Comment: Biden’s, Democrats’ legislative success may not matter

Hope of avoiding a red wave this November hinges more on abortion and Trump than recent policy wins.

By David A. Hopkins / Bloomberg

A few months ago, the Democratic Party’s legislative agenda appeared stagnant and its political fortunes dire. Then Congress enacted several major new laws — most notably a budget reconciliation bill that combined climate change mitigation and health-care affordability measures — and President Biden announced an unprecedented partial forgiveness of federal student debt. Now both Biden and his party are enjoying such a surge in popularity that some pundits are openly questioning the long-assumed Republican landslide in November.

It’s tempting to draw a simple connection between Democrats’ recent burst of policymaking and their concurrent rise in the polls. But voters don’t necessarily think that way; and there’s no guarantee this bounce will endure until Election Day.

Voters often claim to be frustrated by a “do-nothing” Washington, so they should presumably be pleased when their leaders do something. And a Democratic-aligned super PAC recently unveiled a battleground-state ad campaign touting the party’s recent accomplishments, suggesting that some party strategists hope legislative credit-claiming will be a persuasive electoral message. Finally, there’s a strong inherent appeal in the belief that incumbents will be rewarded by a satisfied electorate for delivering on the commitments they made during their campaigns.

In other words: It’s natural to treat the enactment of new policy as, by definition, a governing success.
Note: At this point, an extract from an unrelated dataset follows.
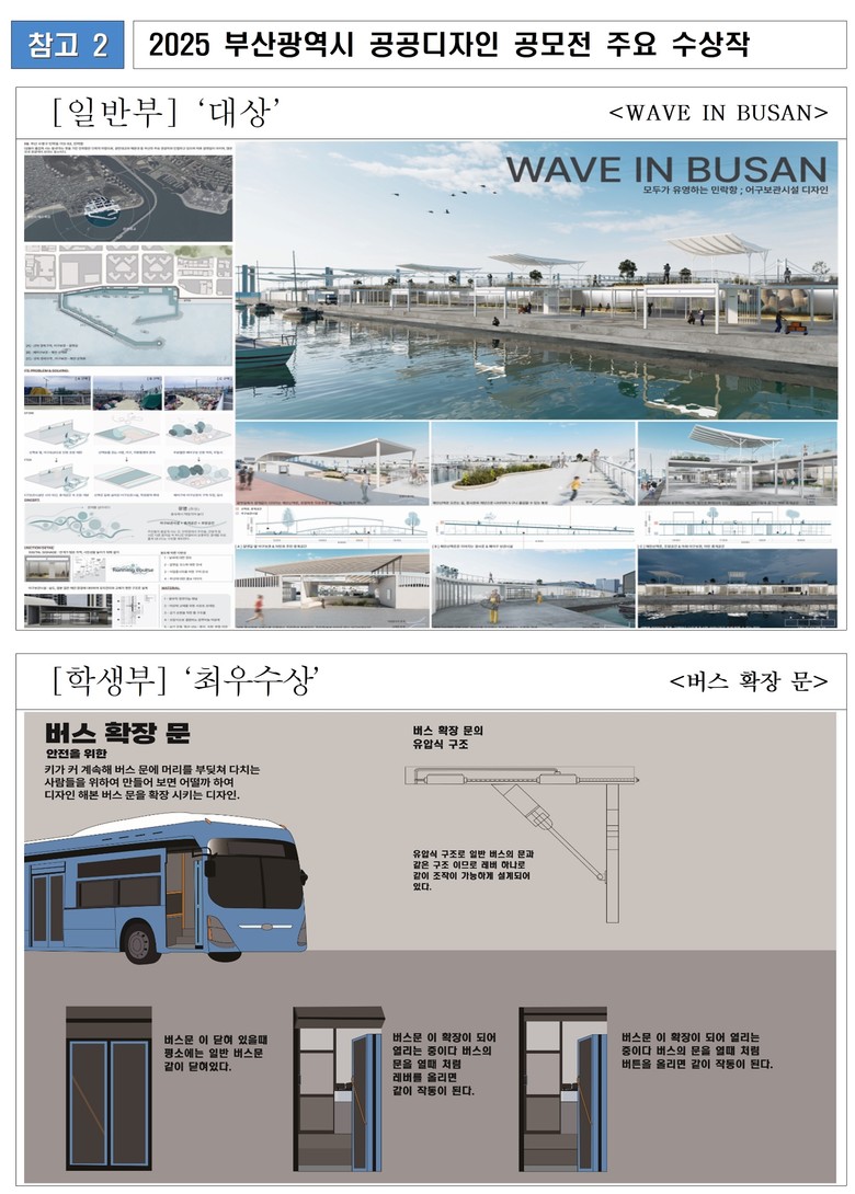 한편, 우수 디자인으로 선정된 30점의 작품은 오는 9월 24일 시민공원 다솜갤러리에서 열리는 「2025 부산사인엑스포」 내 부산 공공디자인 홍보관에 전시되며, 연내 작품집으로 제작해 배부할 예정이다.

History shows otherwise. Some of the most historically productive sessions of Congress have been followed by significant electoral losses for the president’s party: In 2010, after enacting the Affordable Care Act, the American Recovery and Reinvestment Act, and the Dodd-Frank financial regulation bill, Democrats lost 63 House seats and seven Senate seats. Republicans lost 27 House seats in 1982 after the first round of Ronald Reagan’s tax cuts and military buildup. Even after the popular creation of Medicare and Medicaid in 1965, in the next year’s midterms the ruling Democrats lost 47 seats in the House and three in the Senate.
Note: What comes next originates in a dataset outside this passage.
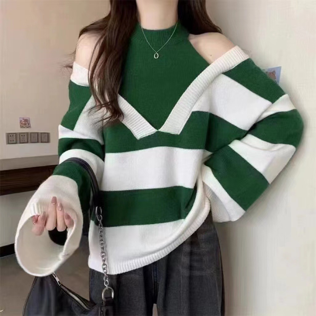 가짜 투피스 행잉 넥 오프 숄더 느슨한 스트라이프 니트 여성용 게으른 스타일 가을과 겨울 새로운 세련된 풀오버 모든 매치 스웨터스토어 가기

In some cases, such as the ACA, the legislation was controversial enough to provoke a national backlash. In others, Americans simply had other things on their minds by the time of the next election, such as the economic recession of 1982 and urban riots in 1966.

Even when voters applaud policy change, their memories often fade and attention quickly turns to other concerns. Polls showed that the bipartisan infrastructure bill enjoyed broad approval when Biden signed it last November. But one survey conducted this past June found that only about a quarter of respondents even recalled that the bill had become law.

So even if the recent rebound in the Democratic Party’s popularity reflects an appreciative response to its policymaking flurry — rather than the steady decline in gasoline prices since midsummer or the fading of covid-related disruptions — it’s an open question whether it will last.

Disaffection tends to be a much more energizing and durable sentiment in politics than gratitude. Ruling parties are vulnerable to significant seat losses in congressional midterm elections because members of the opposition are usually motivated to register their disapproval at the polls, while swing voters know they can trim the president’s power without handing full control of government to the other party.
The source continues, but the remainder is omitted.